Alright so one more time, a little more clearly; if you are combat arms you will [glow=red,2,300]most likely not be going to Borden[glow=red,2,300] everyone else is apparantely fair game.


----------



## GrahamD (12 Jul 2005)

Island Ryhno said:
			
		

> Alright so one more time, a little more clearly; if you are combat arms you will [glow=red,2,300]most likely not be going to Borden[glow=red,2,300] everyone else is apparently fair game.



Actually, i just did an update interview and pt test this morning, and I asked where I was going for BMQ, and it turns out I am going to Borden from Sept 26th to Dec 9th, a 10 week course.  I'm going to be infantry with the PPCLI.  Another guy who was there is going to be on the same course as me, also for infantry, also PPCLI.


----------



## Island Ryhno (12 Jul 2005)

See the "most likely" part!  ;D


----------



## Tollboothwilli3 (17 Aug 2005)

I'm going to Borden on Sept 26 BMQ and I'm going for AVS TECH.


----------



## Joe Gunner (17 Aug 2005)

I have a buddy on that course, Chad Ball, Artillery from Shilo MB.  Good guy.


----------



## alexpb (17 Aug 2005)

I hope i don't end up having to go to Borden. 

Just because i live so close to Borden as it is and would much rather go away for a few months to another province.

But i was also told that since i live so close to Borden don't expect to be placed there.

So i dunno...


----------



## Superrampie (18 Aug 2005)

Hello Everyone

I just got "The Call" and am heading off to basic on the 10 September with the course starting on 12 September in St Jean. I was selected on the 18 July board for Cbt Engineer. My course number is 0216 and I thought that I would just say Hi to anyone on here that I will be on course with. 

Cheers 

Matt

PS Whatever happened to hurry up and wait. From these dates it seems to be lots of hurry not so much wait.


----------



## Winstone (19 Aug 2005)

Superrampie said:
			
		

> PS Whatever happened to hurry up and wait. From these dates it seems to be lots of hurry not so much wait.



I have been selected for a few weeks now or so i have been told.   But have still not recived any official call or a start date. so on and so forth.
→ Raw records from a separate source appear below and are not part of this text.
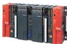
MELSEC A SERIES PLC
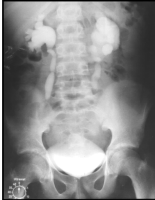
Figure 1. IVP demonstrating a silhouette of pelvic mass compressing the bladder and lower parts of the ureters resulting bilateral hydronephrosis.

Appendiceal abscess is usually seen in the pediatric patients. It has been reported that urinary symptoms appear after intestinal symptoms and they may even mislead the physician to a misdiagnosis of a urological disease. 1 In our case, the patient had no abdominal symptoms except for an abdominal pain radiating from the left lumbar region. The complaint of urinary frequency had also
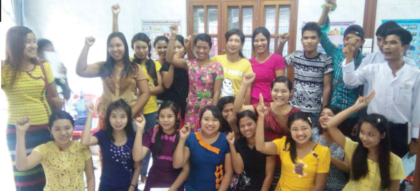
Union activists from garment factories in North Oukkalarpa Township, near Myanmar's capital Yangon, complete their worker representative training with Union Aid Abroad-APHEDA partner organisation, Action Labor Rights.
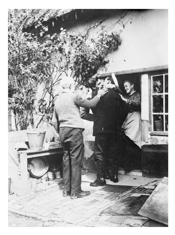
Figure 3 Soldier and sailor brothers greeting each other upon their arrival on leave at their parents' house.

These formed part of Nicholls' series of soldiers on leave, perhaps reflecting his aim to 'build up a "story" around his subjects. 126 The two photographs show that, like many of Nicholls' images, this 'meeting' was carefully posed and looks staged. The story that the image imparts is one of brotherly love and affection. Clearly, the trope of loving brotherhood was one that the official photographer of the home front wanted to propagate.

not much hurry lots of wait over here


----------



## Bradboy (19 Aug 2005)

I was also selected on the July 18 selection board for 031 Infantry. Still haven't got a phone call yet but I don't expect one until at least until the end of this month. What were you selected for Newell?


----------



## Zensunni (20 Aug 2005)

Received the call the day of my graduation in June and I'm off to St.Jeans for BMQ on Sept.12th  

...days are going soooo slow now


----------



## Winstone (20 Aug 2005)

The INF cant wait.
ummmm i guess i can wait a bit


----------



## Barek (21 Aug 2005)

We're in the same boat Bradboy. Kincanucks told me I was selected for infantry from the July 18th selection board but I haven't received a call yet. When I did get ahold of someone at the recruiting center I was told there is no job offer on my application. But talking to a buddy of mine who just did their basic for infantry there is a lot to figure out as SQ is being phased out, or something like that. My buddy told me that there is a bunch of infantry recruits who finished their BMQ and are waiting on their SQ and the new recruits for infantry will have the new 14-week(I think 14 weeks, it's longer anyways) course.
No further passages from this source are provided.